Aim of the task —
The required output is the lines below from the line containing "Lovorikovec je gojena" to the line containing "涉及洛阳镇西吟头自然村、井吟", inclusive, retyped exactly. No other lines belong in it.

Records to use —
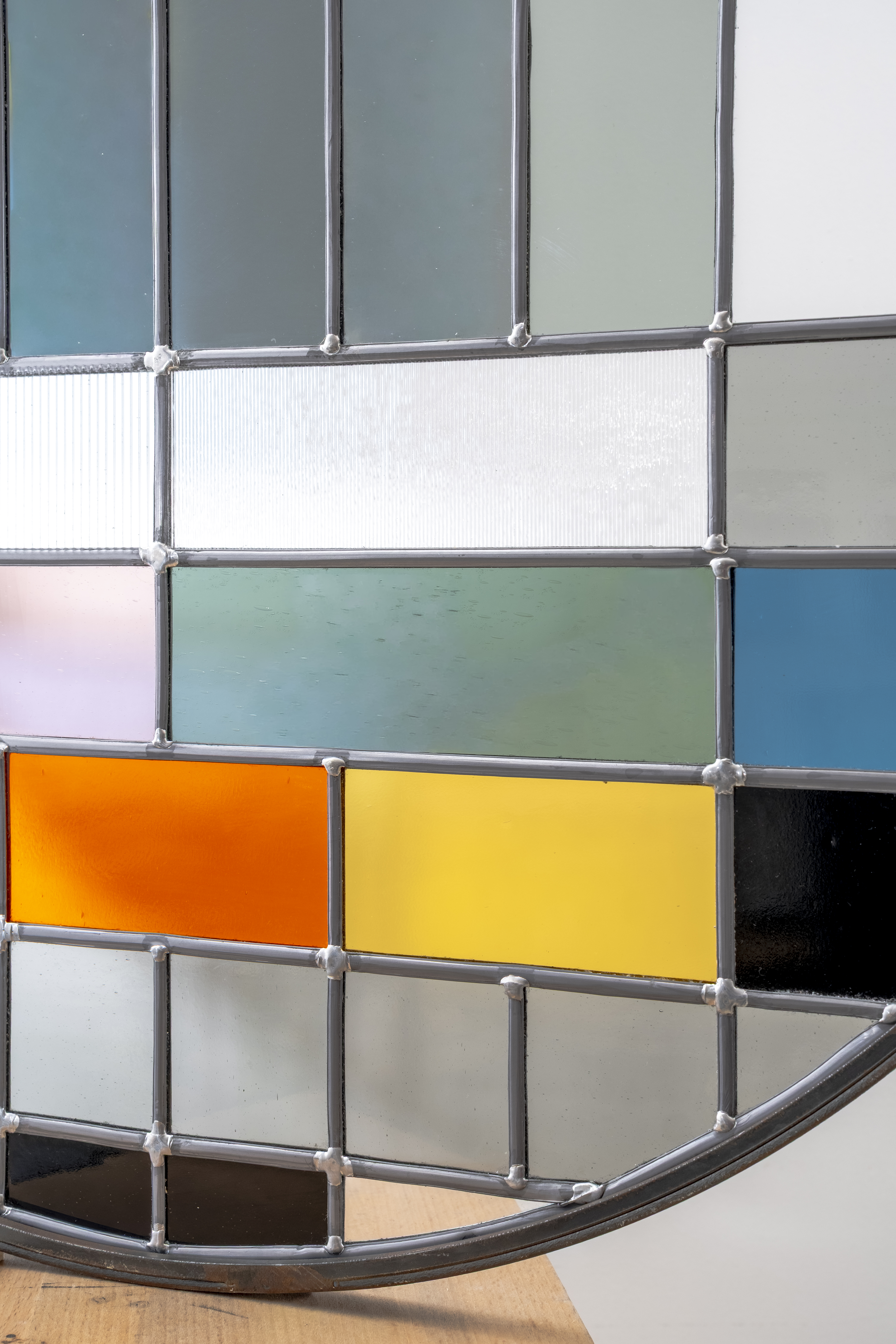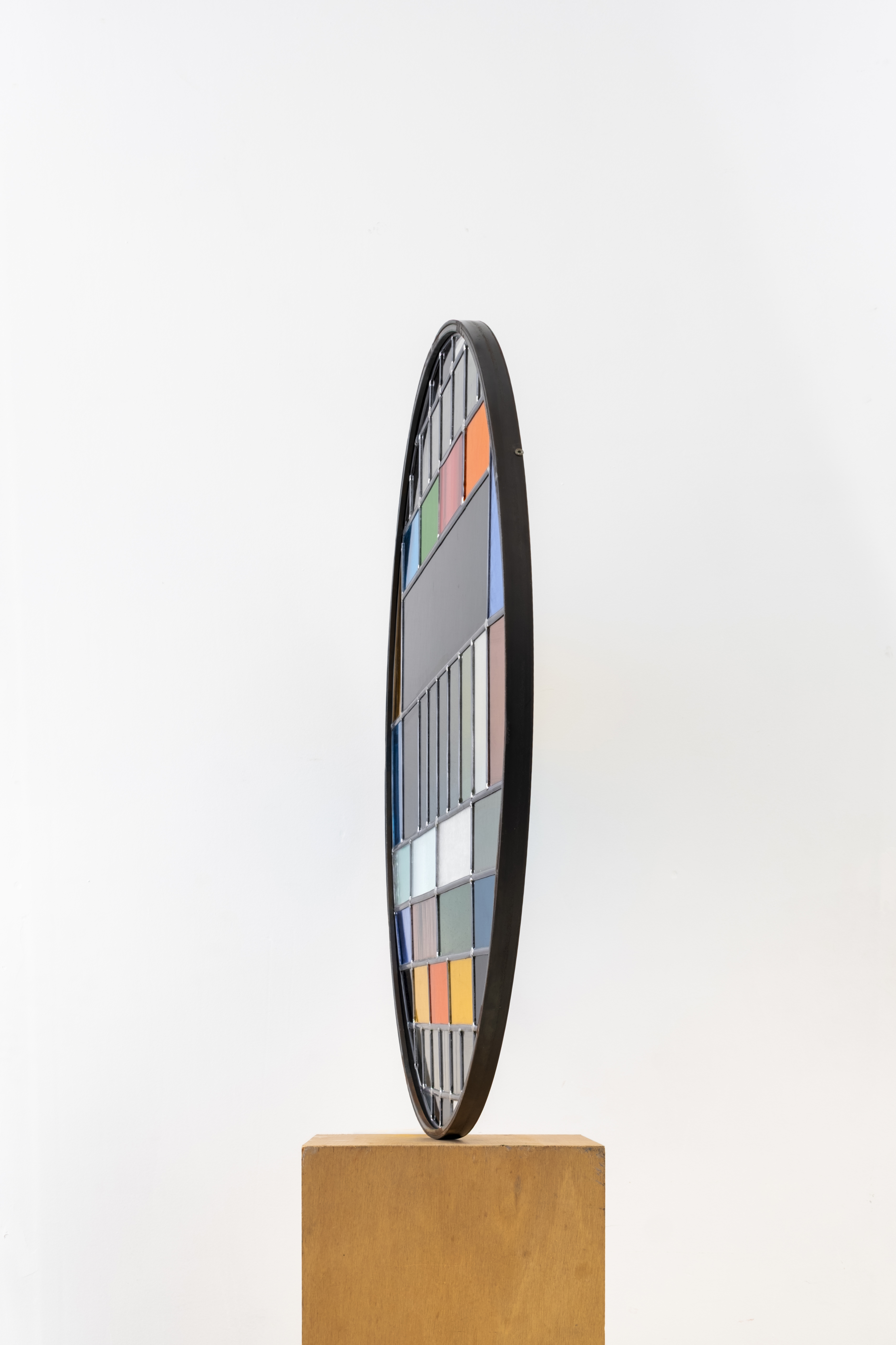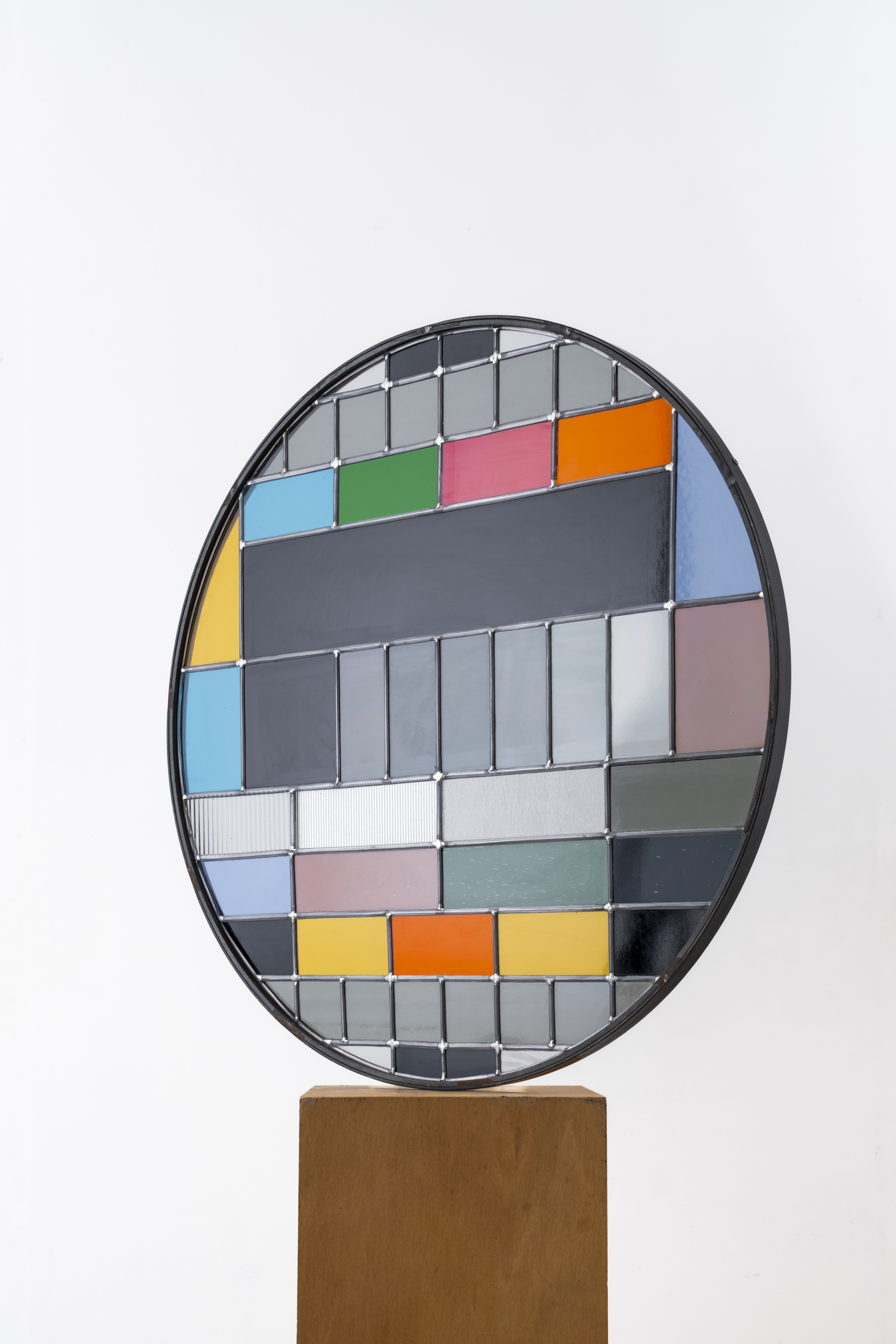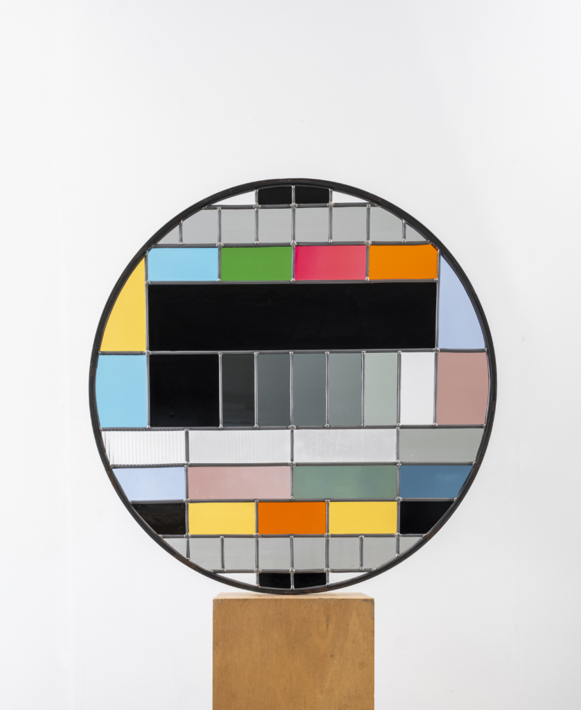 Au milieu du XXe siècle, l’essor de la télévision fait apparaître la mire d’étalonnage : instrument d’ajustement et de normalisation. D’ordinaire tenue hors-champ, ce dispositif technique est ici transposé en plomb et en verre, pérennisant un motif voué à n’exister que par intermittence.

---

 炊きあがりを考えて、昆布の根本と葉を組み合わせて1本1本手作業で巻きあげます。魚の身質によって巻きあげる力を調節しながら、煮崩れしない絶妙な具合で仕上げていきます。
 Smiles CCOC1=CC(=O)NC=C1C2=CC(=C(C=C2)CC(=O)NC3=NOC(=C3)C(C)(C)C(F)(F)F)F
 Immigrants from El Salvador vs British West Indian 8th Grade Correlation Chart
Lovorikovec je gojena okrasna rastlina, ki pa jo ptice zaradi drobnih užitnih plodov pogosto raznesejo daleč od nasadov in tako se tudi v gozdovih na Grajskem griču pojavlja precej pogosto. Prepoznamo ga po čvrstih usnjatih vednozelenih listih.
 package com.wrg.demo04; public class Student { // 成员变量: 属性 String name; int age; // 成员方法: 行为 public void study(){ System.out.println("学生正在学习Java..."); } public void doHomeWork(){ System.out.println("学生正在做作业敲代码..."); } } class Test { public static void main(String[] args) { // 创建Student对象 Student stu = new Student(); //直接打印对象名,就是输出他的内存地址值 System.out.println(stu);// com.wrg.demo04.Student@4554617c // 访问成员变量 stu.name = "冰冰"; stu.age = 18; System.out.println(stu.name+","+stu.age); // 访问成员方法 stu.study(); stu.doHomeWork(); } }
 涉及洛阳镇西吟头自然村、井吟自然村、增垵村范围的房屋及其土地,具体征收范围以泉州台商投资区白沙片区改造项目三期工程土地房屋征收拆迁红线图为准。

...

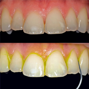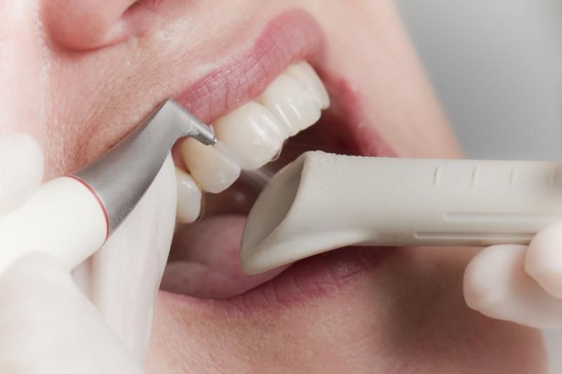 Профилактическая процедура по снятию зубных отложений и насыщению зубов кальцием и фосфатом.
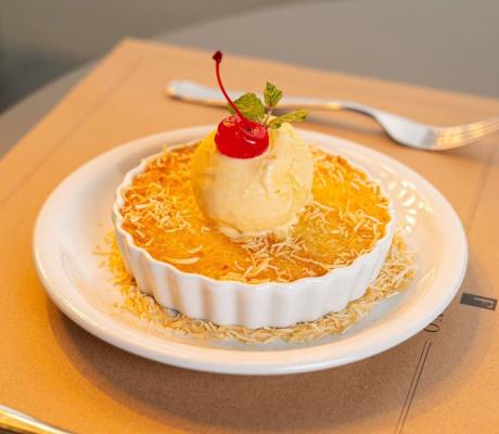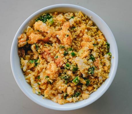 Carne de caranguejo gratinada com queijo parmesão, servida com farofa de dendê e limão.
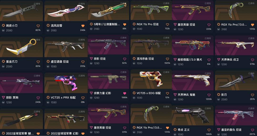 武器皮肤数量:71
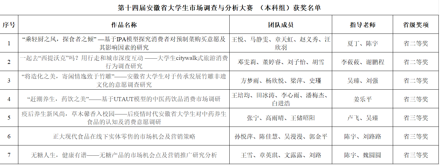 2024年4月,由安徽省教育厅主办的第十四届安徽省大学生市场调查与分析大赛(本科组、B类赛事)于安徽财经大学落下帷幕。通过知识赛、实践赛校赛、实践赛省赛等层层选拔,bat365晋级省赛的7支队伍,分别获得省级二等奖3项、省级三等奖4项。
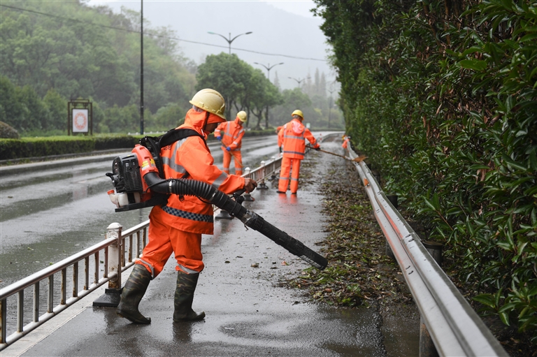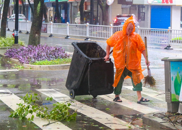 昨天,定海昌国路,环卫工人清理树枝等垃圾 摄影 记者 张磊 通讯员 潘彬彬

Response below —
Lovorikovec je gojena okrasna rastlina, ki pa jo ptice zaradi drobnih užitnih plodov pogosto raznesejo daleč od nasadov in tako se tudi v gozdovih na Grajskem griču pojavlja precej pogosto. Prepoznamo ga po čvrstih usnjatih vednozelenih listih.
 package com.wrg.demo04; public class Student { // 成员变量: 属性 String name; int age; // 成员方法: 行为 public void study(){ System.out.println("学生正在学习Java..."); } public void doHomeWork(){ System.out.println("学生正在做作业敲代码..."); } } class Test { public static void main(String[] args) { // 创建Student对象 Student stu = new Student(); //直接打印对象名,就是输出他的内存地址值 System.out.println(stu);// com.wrg.demo04.Student@4554617c // 访问成员变量 stu.name = "冰冰"; stu.age = 18; System.out.println(stu.name+","+stu.age); // 访问成员方法 stu.study(); stu.doHomeWork(); } }
 涉及洛阳镇西吟头自然村、井吟自然村、增垵村范围的房屋及其土地,具体征收范围以泉州台商投资区白沙片区改造项目三期工程土地房屋征收拆迁红线图为准。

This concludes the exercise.